Pressure Grows On Local Hospitality Businesses

The pressure is on for Salisbury hospitality operators who have now been open a week following four weeks of lockdown

Under the Tier 2 category, venues can stay open until 11 pm, with last orders at 10 pm. Only those pubs that serve substantial meals can operate and only families in a bubble will be able to sit inside together.

It has been a very tough year for hospitality, with businesses hit by rolling restrictions including two lockdowns, social distancing rules and now new tier regulations.

According to UKHospitality, 98% of the country’s hospitality trade are now in Tiers 2 and 3. Should the restrictions last the entire month of December, an estimated £7.8 billion worth of trading is set to be wiped out, compared to 2019.

Hospitality businesses have invested great time and money on making sure the premises are Covid secure and safe for people to celebrate Christmas and New Year. In Salisbury, the City Council, Police, Wiltshire Council and Salisbury BID – have been working together to support the night-time economy in a Purple Flag CovidSecure partnership to avoid issues that have been widely reported in the national media around dispersal.

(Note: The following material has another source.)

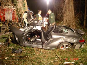 Vermutlich infolge nicht angepasster Geschwindigkeit kam ein Porsche am Dienstag abend gegen 20.40 Uhr in der Heidesheimer Straße in Mainz-Gonsenheim nach links von der Straße ab. Der Wagen berührte ein Hinweisschild und prallte 40 Meter weiter frontal gegen einen massiven Baum. Der Anprall war so stark, dass der Baumstamm in etwa 8m Höhe in der Mitte gespalten wurde. Das im Auto sitzende Ehepaar wurde schwer verletzt und zwischen verformten Blech eingeklemmt.
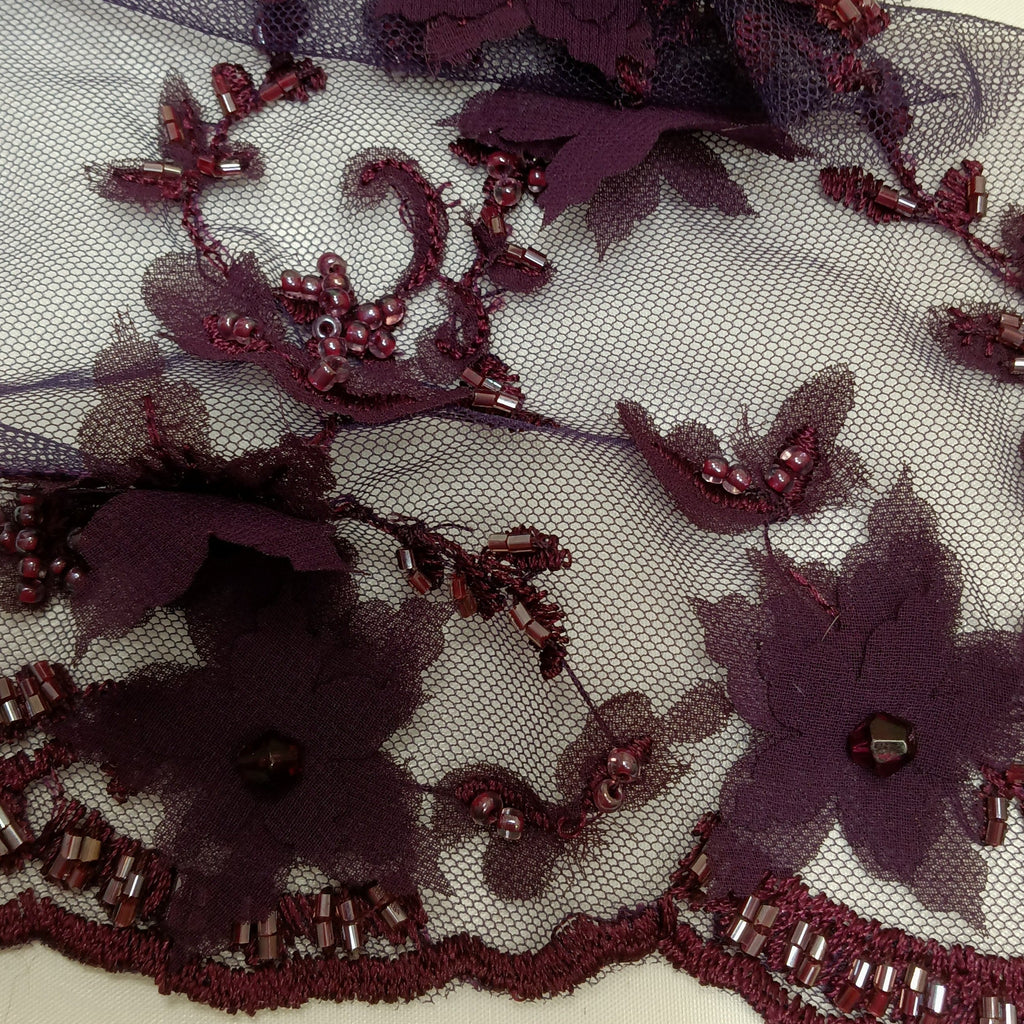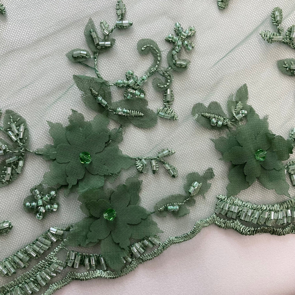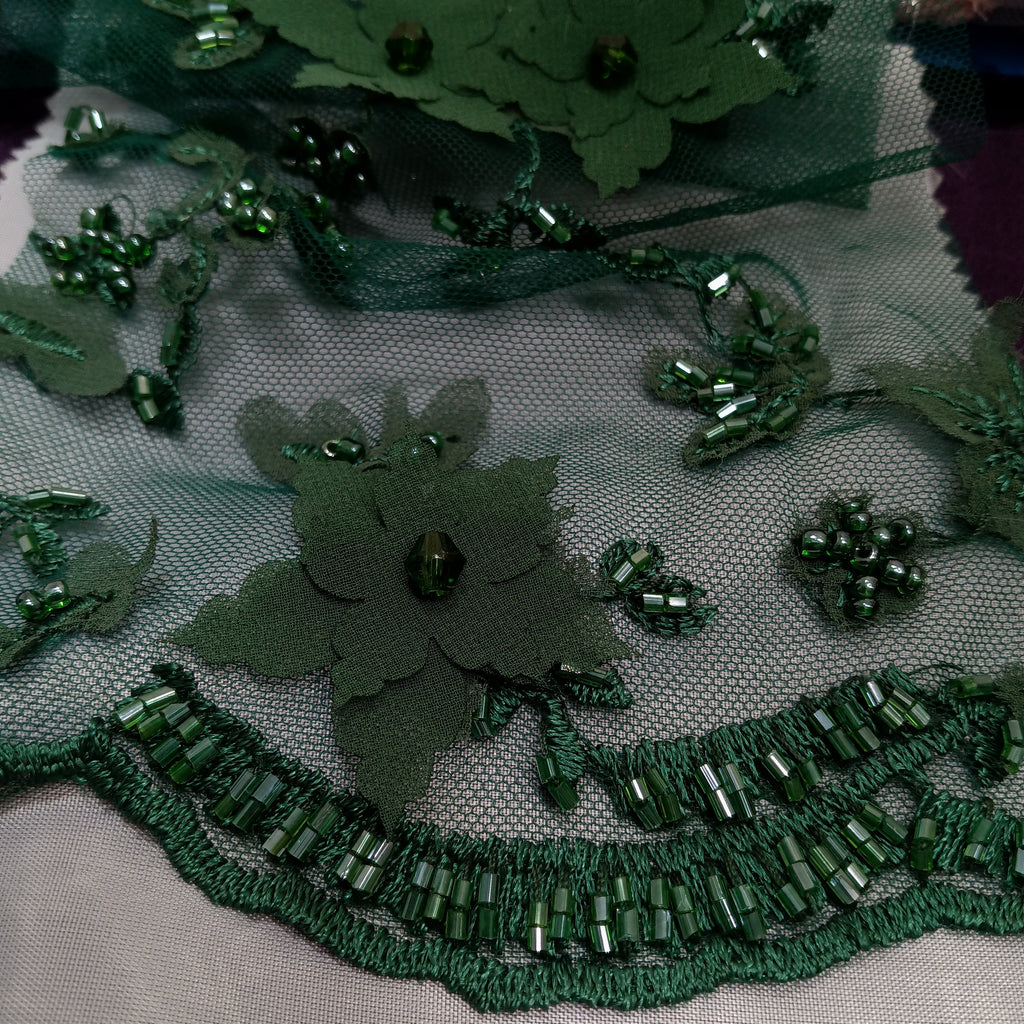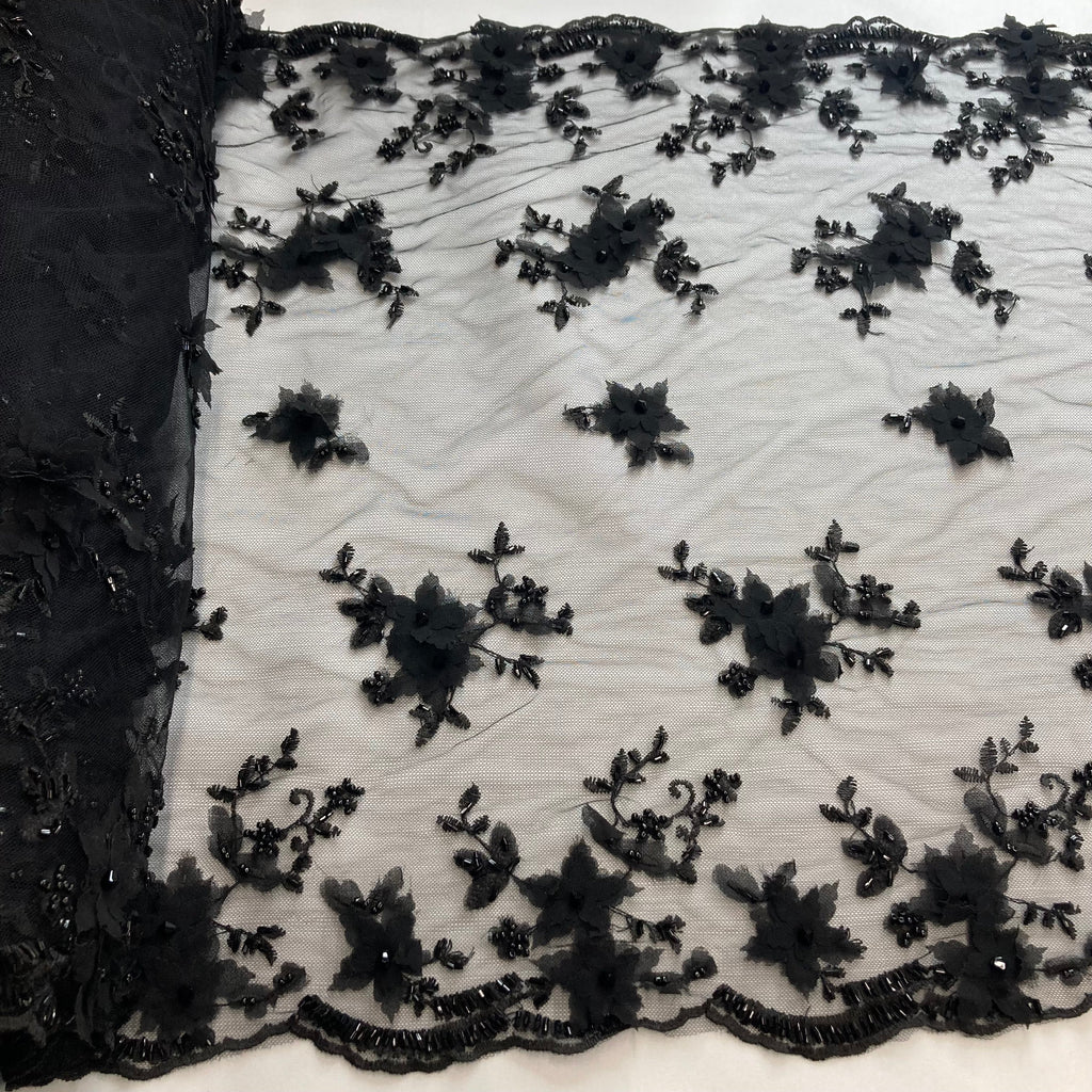 Beaded Double Sided 3D Floral Lace Trimming Embroidered on 100% Polyester Net Mesh | Lace USA - GD-732

Salisbury City Council Leader, Cllr Liz Sirman, said:

“The Council City is pleased to be working in close partnership with the BID, Pubwatch and key Salisbury pubs and restaurant representatives to ensure we can have a safe and enjoyable Christmas in Salisbury. Our local hospitality venues have put in a lot of work so that we can go out and enjoy ourselves over the festive period. Please remember to book ahead, think about going out during the week and not just on Fri and at the weekends, and importantly let’s make sure we support our local business”.

The stark warning from hospitality venues is that, despite the £1,000 grant for wet-led pubs and furlough for staff, they may not be here next year. There are ways we can support our Salisbury venues though, including:

1. Customers – please stick to social distancing rules, wear a mask and remember to wash your hands

2. Bookings – many businesses are back open throughout the week, so, why not have a Christmas outing on one of the quieter evenings such as a Tuesday or Wednesday. Or book for lunch rather than dinner. By spreading footfall across the week, it not only helps our local hospitality sector but also keeps the community safe and avoids weekend crowding

3. No ‘No Shows’ – please, if you don’t want your booking any more, cancel with the venue. No shows waste time and money and deny someone else a night out – and it’s devastating for the staff

4. Patience and Kindness – please be patient with staff. Everyone is doing their best to adapt to new restrictions but, together, we can support each other through

Inspector Pete Sparrow, from the Salisbury Area Community Policing Team, said:

“It is vital to remember that we need to continue to be aware of COVID-19 and ensure we are doing everything we can to keep our communities safe this Christmas.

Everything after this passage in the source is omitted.